We do not undertake any obligation to update or revise any forward-looking statements, whether as a result of new information, future events or otherwise, except as may be required under applicable securities laws.
Non-GAAP Financial Measures
In addition to the financial measures prepared in accordance with generally accepted accounting principles in
EBITDA, Adjusted EBITDA, Free Cash Flow, Unlevered Free Cash Flow and Adjusted Cash Conversion Ratio are supplemental measures of MultiPlan’s performance that are not required by or presented in accordance with GAAP. These measures are not measurements of our financial or operating performance under GAAP, have limitations as analytical tools and should not be considered in isolation or as an alternative to net income, cash flows or any other measures of performance prepared in accordance with GAAP.
EBITDA represents net income before interest expense, interest income, income tax provision, depreciation, amortization of intangible assets, and non-income taxes. Adjusted EBITDA is EBITDA as further adjusted by certain items as described in the table below.
In addition, in evaluating EBITDA and Adjusted EBITDA you should be aware that, in the future, we may incur expenses similar to the adjustments in the presentation of EBITDA and Adjusted EBITDA. The presentation of EBITDA and Adjusted EBITDA should not be construed as an inference that our future results will be unaffected by unusual or non-recurring items. The calculations of EBITDA and Adjusted EBITDA may not be comparable to similarly titled measures reported by other companies. Based on our industry and debt financing experience, we believe that EBITDA and Adjusted EBITDA are customarily used by investors, analysts and other interested parties to provide useful information regarding a company’s ability to service and/or incur indebtedness.

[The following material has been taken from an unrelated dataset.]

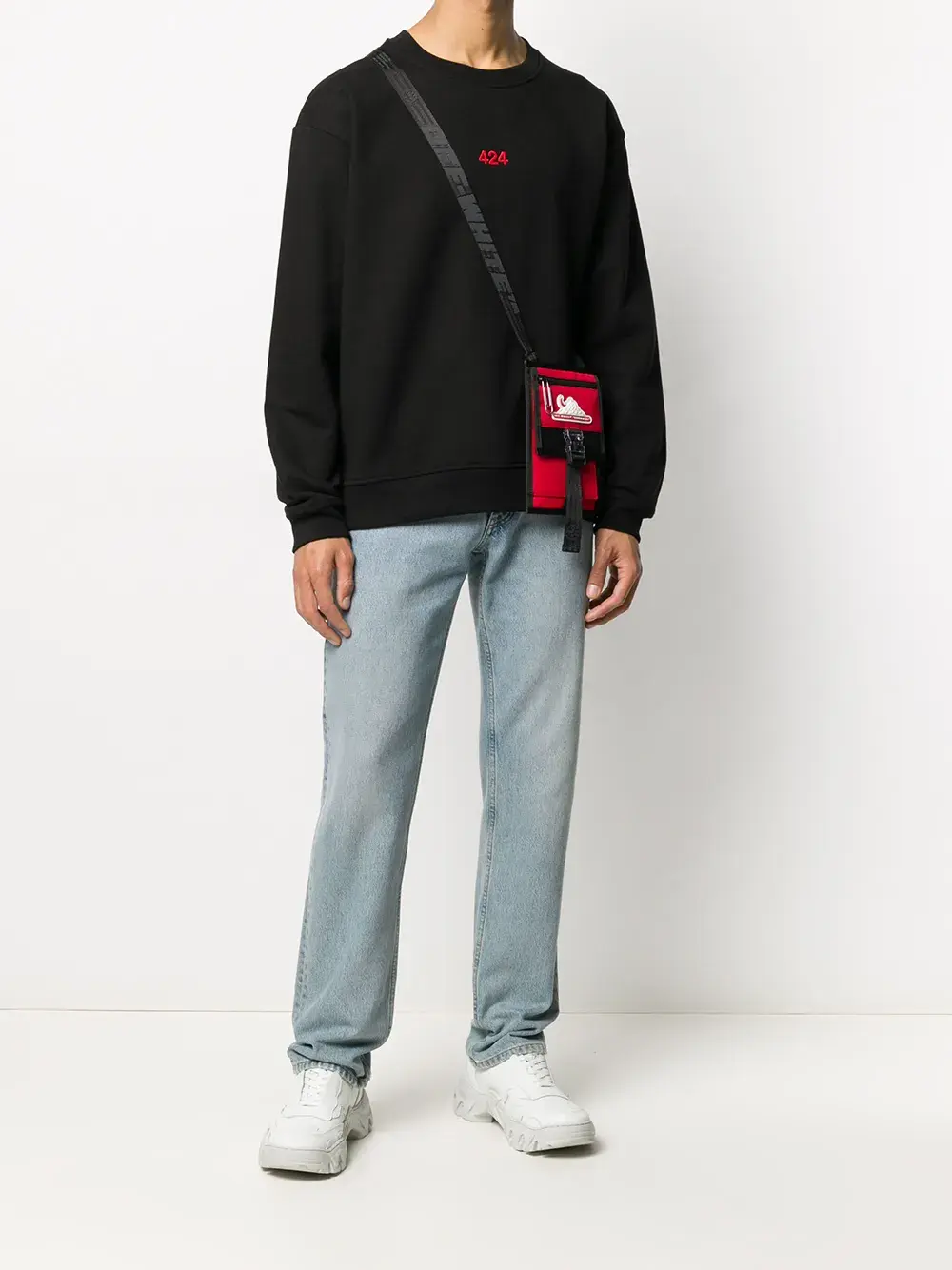 Круглый вырез, логотип спереди, длинные рукава, рукава с узкими манжетами и прямой подол.

We also believe that Adjusted EBITDA is useful to investors and analysts in assessing our operating performance during the periods these charges were incurred on a consistent basis with the periods during which these charges were not incurred. Both EBITDA and Adjusted EBITDA have limitations as analytical tools, and you should not consider either in isolation, or as a substitute for analysis of our results as reported under GAAP. Some of the limitations are:
- EBITDA and Adjusted EBITDA do not reflect changes in, or cash requirements for, our working capital needs;
- EBITDA and Adjusted EBITDA do not reflect interest expense, or the cash requirements necessary to service interest or principal payments on our debt;
- EBITDA and Adjusted EBITDA do not reflect our tax expense or the cash requirements to pay our taxes; and
- Although depreciation and amortization are non-cash charges, the tangible assets being depreciated will often have to be replaced in the future, and EBITDA and Adjusted EBITDA do not reflect any cash requirements for such replacements.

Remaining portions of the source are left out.